Relates to objectives:
1-5
Weight:
20%
Internal or external:
Internal
Group or individual:
Individual
Due date:
During Workshops
Assessment name:
Project Presentation
Description:
You will complete a project that relates to the learnings achieved during your clinical experience and that will be agreed by you, the unit coordinator and your clinical supervisor in your clinical agreement. You will present the project at a showcase which will be attended by fellow students, academics and work placement supervisors. Attendance at the project showcase is compulsory.
Relates to objectives:
1, 2 & 4
Weight:
40%
Internal or external:
Internal
Group or individual:
Individual
Due date:
Week 13
Assessment name:
Reflective Journal
Description:
The reflective journal requires you to critically reflect on your learning in your clinical experience. This demonstrates your understanding of the personal and professional challenges you have faced during the unit and in particular the clinical experience.
Relates to objectives:
1-5
Weight:
40%
Internal or external:
Internal
Group or individual:
Individual
Due date:
Week 14 (Swot Vac)
Academic Honesty
QUT is committed to maintaining high academic standards to protect the value of its qualifications. To assist you in assuring the academic integrity of your assessment you are encouraged to make use of the support materials and services available to help you consider and check your assessment items. Important information about the university's approach to academic integrity of assessment is on your unit Blackboard site.
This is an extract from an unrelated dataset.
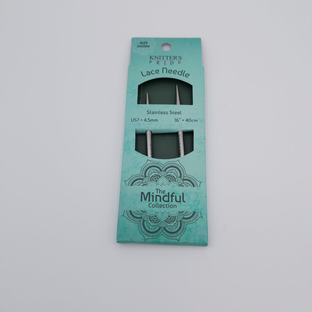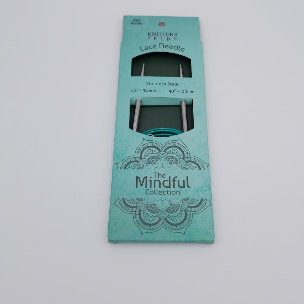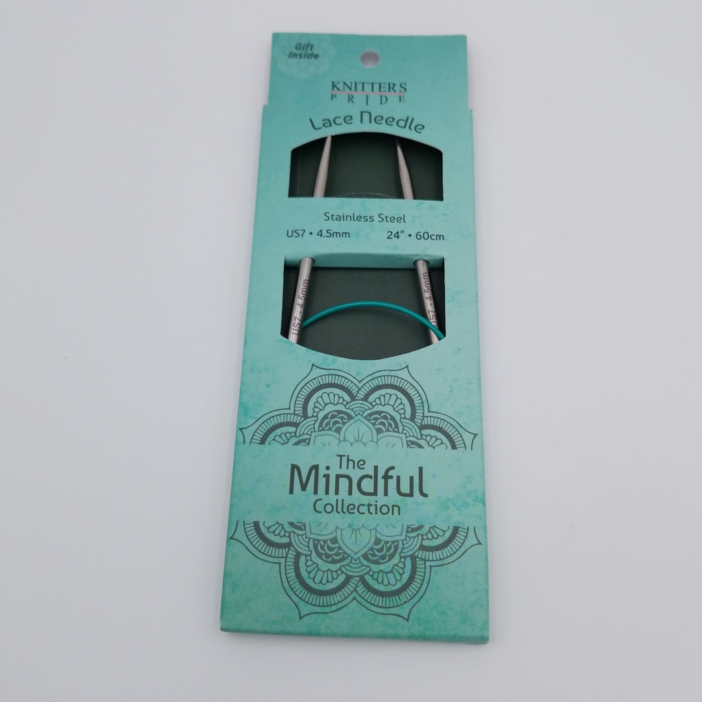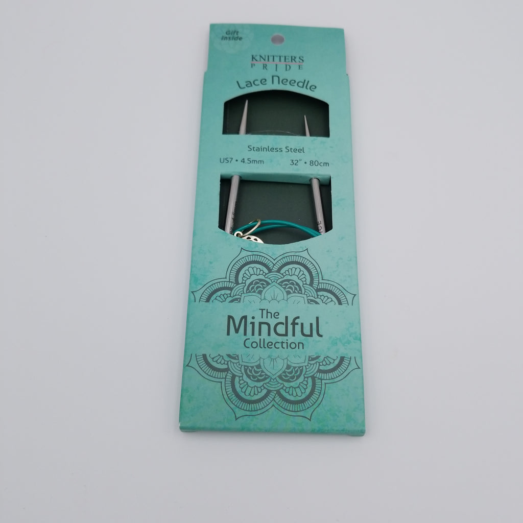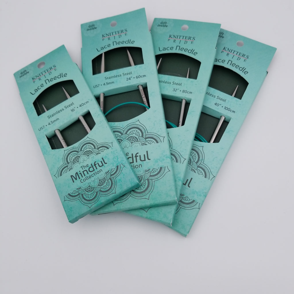 Knitter's Pride pays tribute to the healing art of knitting with The Mindful Collection Lace Needles. Inspirational words, specific to each size, are printed on the needle to encourage focus on the meditative aspect of knitting. Your spirit is soothed and reflected in your work. Made in a family owned enterprise, that supports inclusion and human rights, The Mindful Collection Lace Circular Needles are made of Stainless Steel, in an eco-compliant facility. The fine tips and no-twist glide cord create the perfect flow as you knit.

A breach of academic integrity is regarded as Student Misconduct and can lead to the imposition of penalties.
Resource materials
There is no set text for this unit. A study guide will be available for purchase through the QUT bookshop.
Blackboard site
Online materials for the unit are available on the unit blackboard site.
Poster preparation
To produce your poster electronically and print it there may be a cost associated with its printing.
Risk assessment statement
Whilst on placement you will be covered by QUT workers' compensation, public liability and professional indemnity insurance and you will have to familiarise yourself with the workplace health and safety rules of the particular placement.
You must familiarise yourself with the workplace health and safety rules of the particular placement. It is also important to view the QUT WIL Health and Safety PowerPoint, (Managing your rights, responsibilities and safety on placement) which will be shown to you in Week 1 of class and you will also need to undertake an induction in the relevant workplace. If your placement involves overseas travel it is also important that you become familiar with the protocols of QUT student travel, which are also explained in this resource.
You may have to sign a confidentiality agreement whereby you agree not to disclose any information learned in the course of the placement to any person outside the field placement office. You will need to understand matters of intellectual property, conflict of interest and insurance, which are also detailed in the Health and Safety resources.
Disclaimer - Offer of some units is subject to viability, and information in these Unit Outlines is subject to change prior to commencement of semester.